Some time ago, I wrote a couple of blog posts about the interview process that I went through when I applied for the positions of Scrum Master and Agile Coach. Those were really interesting interviews, and they can be found here. Today I am writing something different, a resource that you will hopefully find useful.
I am providing 32 Scrum Master Interview Questions that anyone can use to interview Scrum Masters. This is a collection of questions that I have been accruing over several years and I believe they are extremely beneficial; please feel free to use them next time you are interviewing a candidate.
Scrum master interview questions
- How would you help the team’s members find their role within the team?
- How would you help the team to find a strong sense of purpose?
- How would you help the team to maintain ideal Scrum Ceremonies?
- How would you help the team to act as a team, and not just a bunch of individuals?
- How would you help the team to Surface and Resolve Conflicts?
- How would you help each individual to get better at what they do?
- How would you help the team to raise the bar, so as to help them to continuously improve?
- How would you help the team to identify possible improvements in their Engineering practices?
- How would you help the team to establish effective team communication skills?

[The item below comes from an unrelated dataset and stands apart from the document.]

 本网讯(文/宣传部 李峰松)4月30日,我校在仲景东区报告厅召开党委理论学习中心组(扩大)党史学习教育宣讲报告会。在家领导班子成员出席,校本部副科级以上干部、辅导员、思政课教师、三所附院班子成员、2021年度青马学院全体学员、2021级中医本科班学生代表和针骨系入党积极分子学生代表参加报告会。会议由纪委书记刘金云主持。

- How would you encourage self-organisation within your team?
- Are you aware of the 5 dysfunctions of a team, and can you create exercises to improve them?
- How will you help the team to spread knowledge gained during development?

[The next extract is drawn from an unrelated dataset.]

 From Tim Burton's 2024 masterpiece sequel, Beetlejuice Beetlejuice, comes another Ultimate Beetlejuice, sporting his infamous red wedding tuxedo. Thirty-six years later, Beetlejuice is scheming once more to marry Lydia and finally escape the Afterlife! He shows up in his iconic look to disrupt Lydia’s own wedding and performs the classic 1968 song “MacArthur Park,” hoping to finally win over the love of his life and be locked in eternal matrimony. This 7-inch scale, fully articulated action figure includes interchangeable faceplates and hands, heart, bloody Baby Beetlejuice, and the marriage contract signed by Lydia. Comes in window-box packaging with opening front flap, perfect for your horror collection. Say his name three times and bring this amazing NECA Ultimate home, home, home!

- How would you coach the whole team to collaborate? (Give examples…)
- Can you give examples that show that you allow the team to find their own answers instead of you giving them?
- Are you focused on business value delivery? Give me examples of how you accomplish this.

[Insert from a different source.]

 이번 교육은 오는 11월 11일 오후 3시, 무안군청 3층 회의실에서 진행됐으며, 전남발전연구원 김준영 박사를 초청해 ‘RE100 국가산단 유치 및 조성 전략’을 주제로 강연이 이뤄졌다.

- How would you help and encourage everyone to express their opinions?
- How would you help the team in identifying positive and negative changes during retrospectives?
- How would you encourage team learning (fostering collaborative practices, pair programming, continuous integration, collective code ownership, short design sessions, specifications workshops, etc.)?
- How would you encourage rotation in technical areas of concern: functionality, components/layers, roles, aspects, etc.?
How would you help the team in setting long term operating goals for all team members: agile practices to master, new skills to acquire, etc.? - How would you examine what is missing in order to make the environment better for everyone?
- How would you prioritise improvement activities and make them happen?
- How would you help the team to find access to external sources of information?
- How would you help the team to find techniques to help them be more collaborative?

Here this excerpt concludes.